El canto del grillo es congénito y fijo. Por el contrario el canto de las aves —entre
otros ha sido estudiado el del gorrión— parte de la emisión de una gran cantidad
de sonidos dispersos, en una fase inicial, hasta una estabilización y una fijación
reductora a través del contacto social. En el aprendizaje del lenguaje humano
asistimos a una situación similar, desde el balbuceo infantil creativo y múltiple en
su variedad de sonidos hacia la fijación de los fonemas propios de la lengua
materna. Una rica plasticidad primaria es de esta manera estabilizada, fijándose a
través del aprendizaje unas pautas epigenéticas, socioculturales.
En todo caso, el aspecto exterior de la conducta, con la ampliación de sus
posibilidades, encuentra una clave decisiva de su evolución en la vida
neurofísiológica y psíquica internas, en la «caja negra» en cuyo funcionamiento ha
ido penetrando la ciencia. Transcender el conductismo resulta, en este sentido,
posible y necesario. Como escribe Changeux: «lo esencial tiene lugar en el interior
de la máquina, en el nivel del sistema nervioso central, donde la información es
transmitida según un código, para ser posteriormente analizada y tratada».
CONCEPTUACIÓN Y SIMULACIÓN
En las concepciones clásicas de la inteligencia, filosóficas y psicológicas, era ésta
referida a la capacidad lógica, es decir, a la formación de conceptos generales,
relacionados en el juicio —o la proposición— y encadenados en el razonamiento.
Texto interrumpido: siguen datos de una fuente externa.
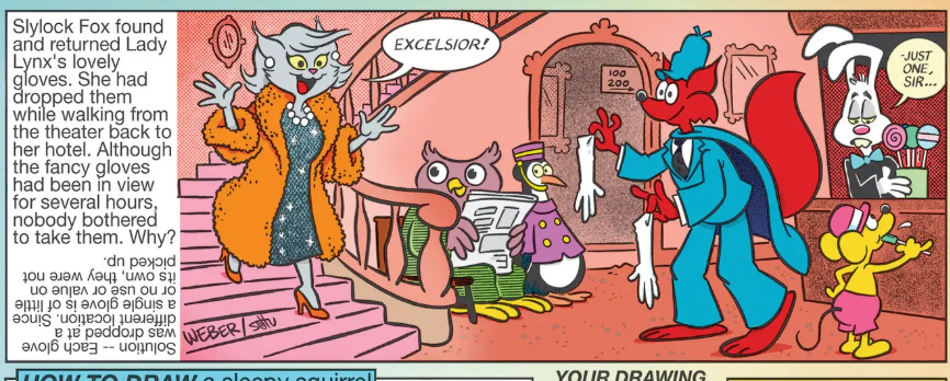 Now, this strip? Where Slylock Fox, a sapient animal cop in a world dominated by sapient animals, is providing enhanced security to a wealthy and influential sapient animal who is fairly obviously wearing a fur coat? That doesn’t make me mad at all. That’s just how the world works. That’s a mystery that kids need to learn how to solve a lot more than anything about gloves and how people won’t pick up just one lying there by itself no matter how lovely it is.
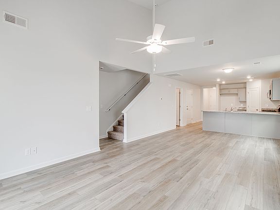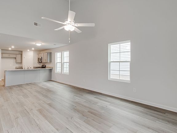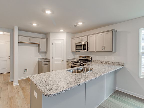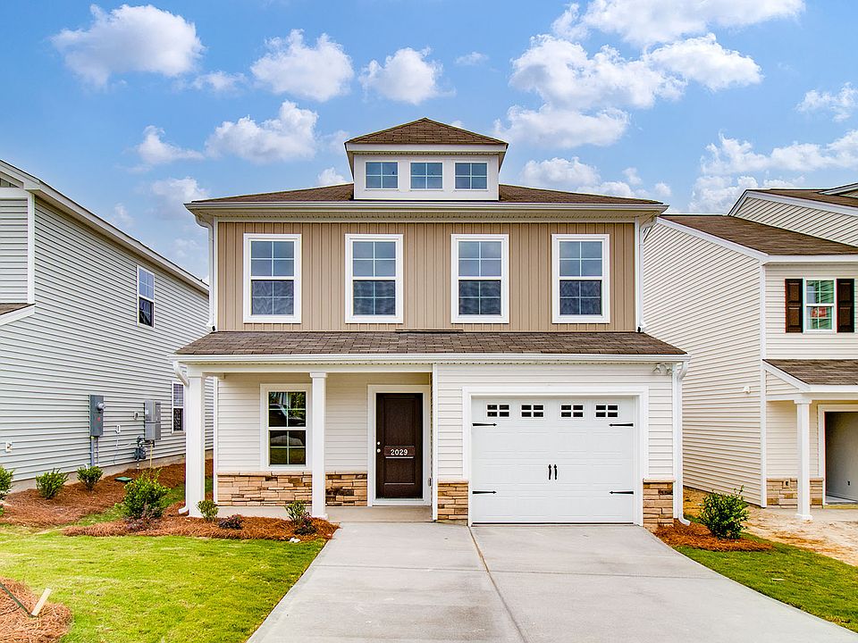 The Evans floor plan offers four bedrooms and two- and-one-half bathrooms. Your primary suite and laundry room are conveniently located on the main level. Off the front porch, you are greeted by a foyer with a coat closet and hallway that leads into the kitchen, equipped with a stainless-steel gas range, upgraded cabinets, and granite countertops. The peninsula island overlooks the eat-in area, as well as the great room with a vaulted ceiling. The primary suite offers a sizable walk-in closet, dual sinks, and a tiled shower. Upstairs encompasses two secondary bedrooms that share a bathroom, as well as a bonus room that could be used as a bedroom. Outside you will enjoy a covered porch with an attached storage room!

En la escolástica la inteligencia se contraponía y superponía al conocimiento
sensible, al mundo de la sensibilidad, como la voluntad se diferenciaba del apetito
sensible. En Aristóteles el noùs poietikós ilumina el dato sensorial para formar el
concepto abstracto. La idea de la razón como «facultad» superior y
exclusivamente humana explicaba, en función de dicho don, la aparición del
mundo lógico: a partir de la sensibilidad o incluso en el racionalismo como
despliegue interno.
Pero realmente no es preciso recurrir a un noùs poietikós, a un entendimiento
agente, externo y superior a la sensibilidad, ni a una razón innata. Es la dinámica
de la actividad cerebral la que crea la «vida de los objetos mentales», la que
alumbra las abstracciones a partir de las percepciones sensibles en un proceso
que registrará la conciencia. La representación del mundo no constituye un puro
reflejo especular, pasivo, de la realidad exterior, sino una creación simbólica en
sus mismos contenidos, según hemos visto. Y dichos contenidos son sometidos a
un incesante trabajo de estructuración. La asociación de impresiones, la captación
de formas generales, los conceptos, sus implicaciones en relaciones así como el
almacenamiento de tales estructuras, son fenómenos que aparecen ya en la vida
animal, y dan cuenta del enriquecimiento del comportamiento que ha sido
contemplado.
[…]
Sin duda, cual elemento decisivo hay que hacer hincapié, una vez más, en la
espontaneidad, la actividad permanente y creativa del sistema nervioso —que, por
otra parte, lo diferencia de los ordenadores—. «El cerebro está espontáneamente
activo de un modo permanente y consecuentemente puede crear
representaciones internas sin ninguna interacción con el mundo exterior», según
afirma Changeux. Los objetos mentales no solamente son producidos por la
actividad cerebral, sino sometidos a incesantes operaciones con ellos.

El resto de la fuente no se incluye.